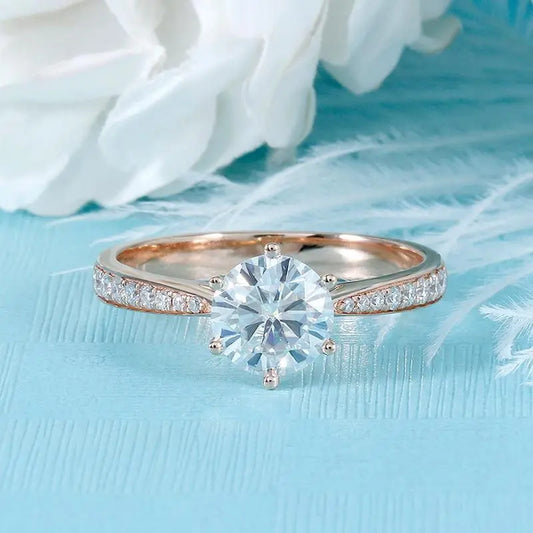 14k Rose Gold Moissanite Ring 1ct Center Stone | Best Engagement Ring For Small Hands
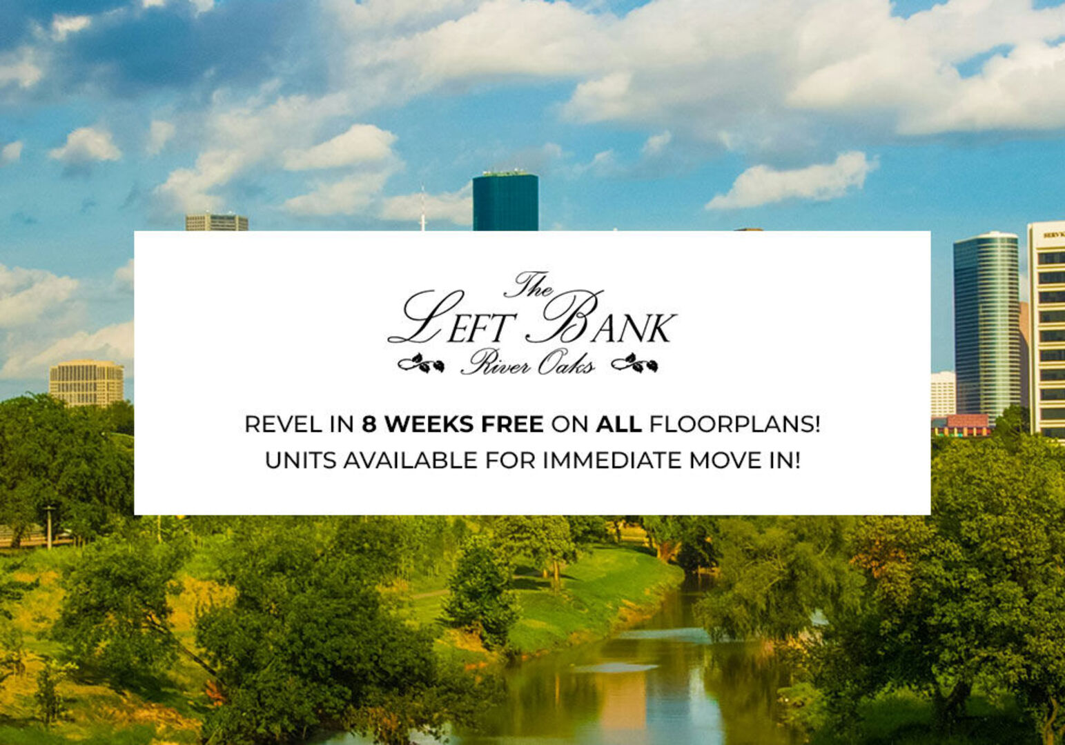 Welcome to The Left Bank River Oaks Situated On The Banks of Buffalo Bayou Between River Oaks and Memorial Park
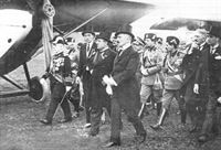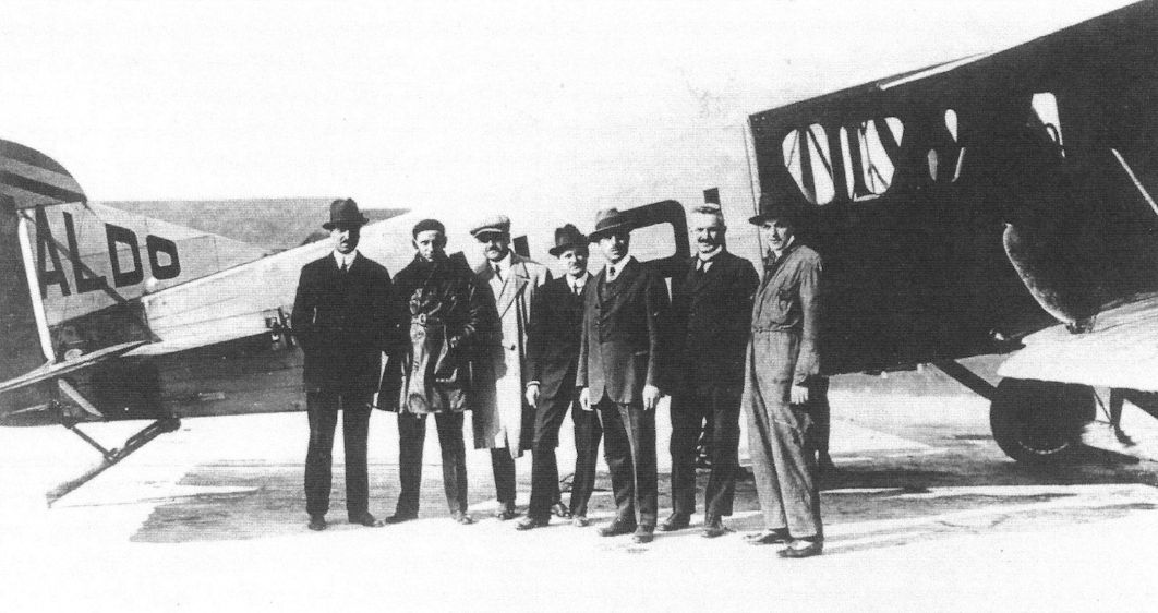 On 4 November 1923, authorities walk during the first parade of the newly born Regia Aeronautica. From the left: Admiral Thaon di Revel, Gen. De Bono, a fascist leader, Finzi, Mussolini, Arturo Mercanti, chief of civil aviation, behind them Italo Balbo. The airplane is a German Sablatnig P.3.
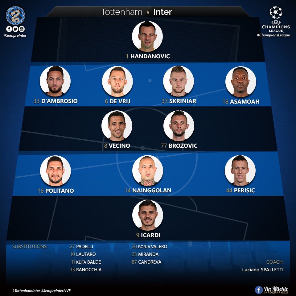 On the other wing Politano showed that he is in great form as he ran his socks off. His workrate is fantastic as is his attitude and if he continues to develop like this Inter have a star on their hands. Up front Icardi was his usual self, chasing down every ball and giving Tottenham’s defenders a minor heart attack every time the ball was played. But when Inter play poorly, he is invisible at best and so he was.
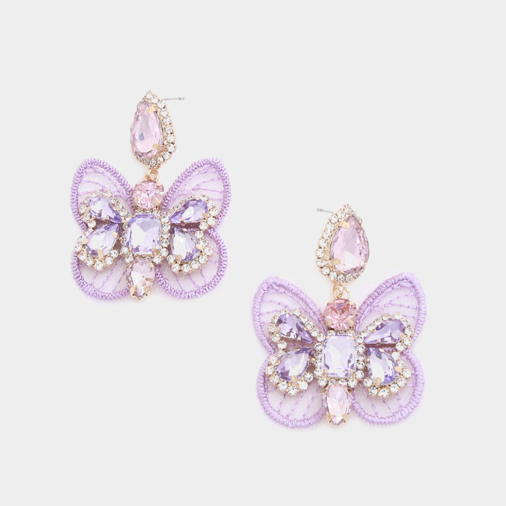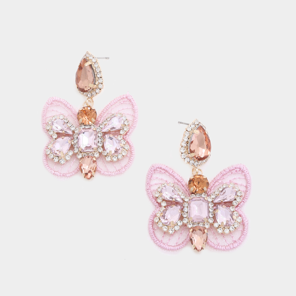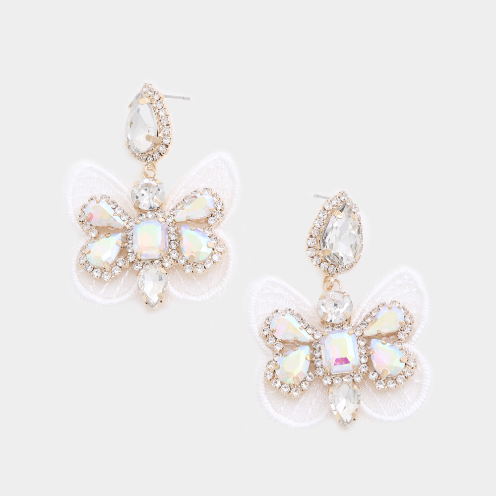 CRYSTAL BUTTERFLY FABRIC DANGLE EARRING
________________________
WHAT THIS TASK INVOLVES>
The expected output is the exact run of lines from the first line of the material above through the line that contains "On 4 November", minus any pictures.

OUTPUT OF THE TASK>
 14k Rose Gold Moissanite Ring 1ct Center Stone | Best Engagement Ring For Small Hands
 Welcome to The Left Bank River Oaks Situated On The Banks of Buffalo Bayou Between River Oaks and Memorial Park
 On 4 November 1923, authorities walk during the first parade of the newly born Regia Aeronautica. From the left: Admiral Thaon di Revel, Gen. De Bono, a fascist leader, Finzi, Mussolini, Arturo Mercanti, chief of civil aviation, behind them Italo Balbo. The airplane is a German Sablatnig P.3.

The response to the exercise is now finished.